The last years have taught us that cheap, virtually unlimited, and highly available cloud object storage doesn't make a solid enterprise data platform. Too many data lakes didn't fulfill their expectations and degenerated into sad data swamps.
With the Linux Foundation OSS project Delta Lake (https://github.com/delta-io), you can turn your data lake into the foundation of a data lakehouse that brings back ACID transactions, schema enforcement, upserts, efficient metadata handling, and time travel.
In this session, we explore how a data lakehouse works with streaming, using Apache Kafka as an example.
This talk is for data architects who are not afraid of some code and for data engineers who love open source and cloud services.
Attendees of this talk will learn:
Lakehouse architecture 101, the honest tech bits
The data lakehouse and streaming data: what's there beyond Apache Spark™ Structured Streaming?
Why the lakehouse and Apache Kafka make a great couple and what concepts you should know to get them hitched with success.

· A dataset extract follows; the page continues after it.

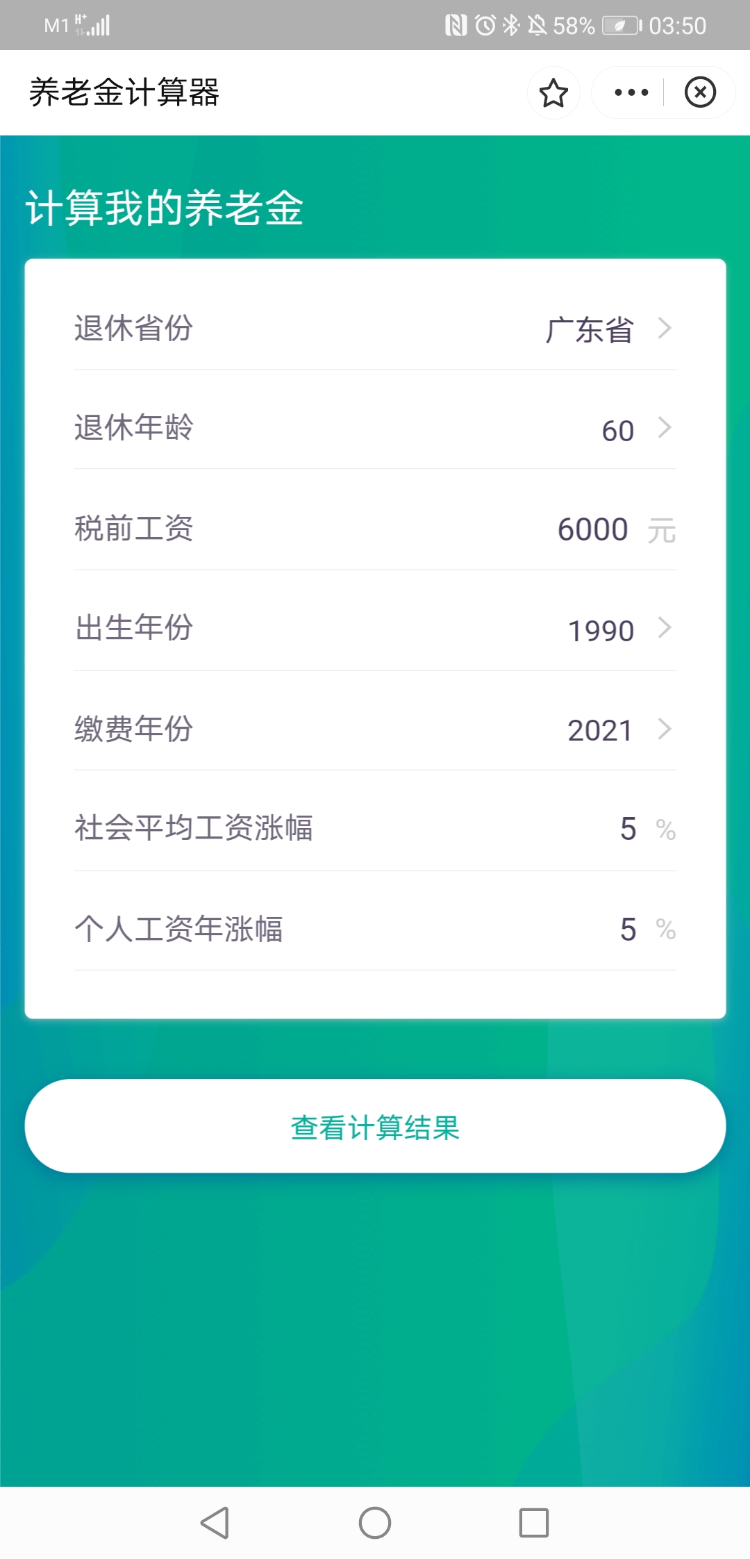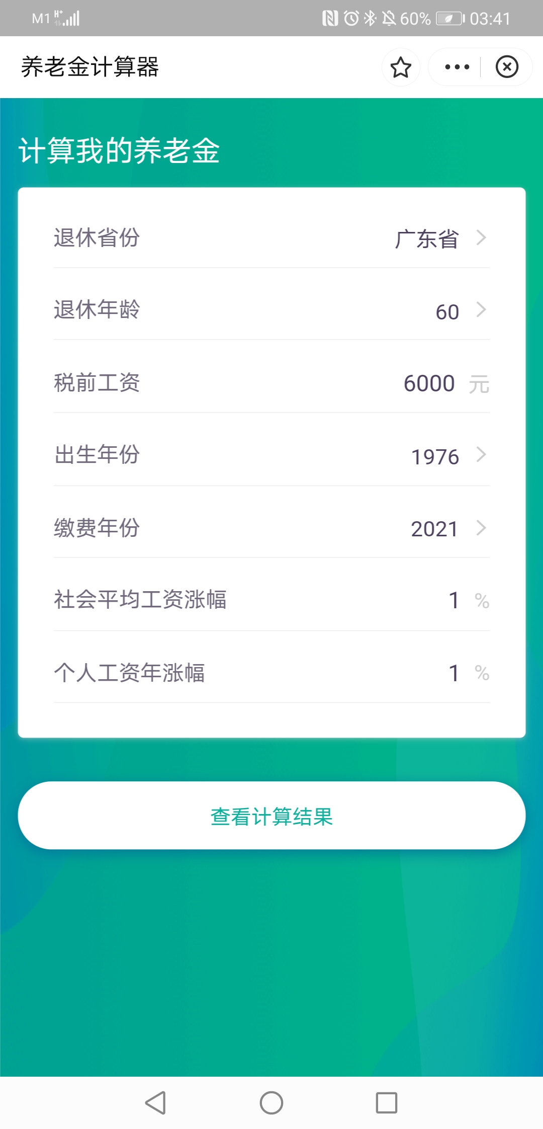 找了个自动计算公式,假设现在已经45岁,从现在开始自己缴纳15年,还是以最低标准6000元。 如图,比我估算的低。

Streaming data with declarative data pipelines: In a live demo, I will show data ingestion, cleansing, and transformation based on a simulation of the Data Donation Project (DDP, https://corona-datenspende.de/science/en) built on the lakehouse with Apache Kafka, Apache Spark™, and Delta Live Tables (a fully managed service).
DDP is a scientific IoT experiment to determine COVID outbreaks in Germany by detecting elevated heart rates correlated to infections. Half a million volunteers have already decided to donate their heart rate data from their fitness trackers.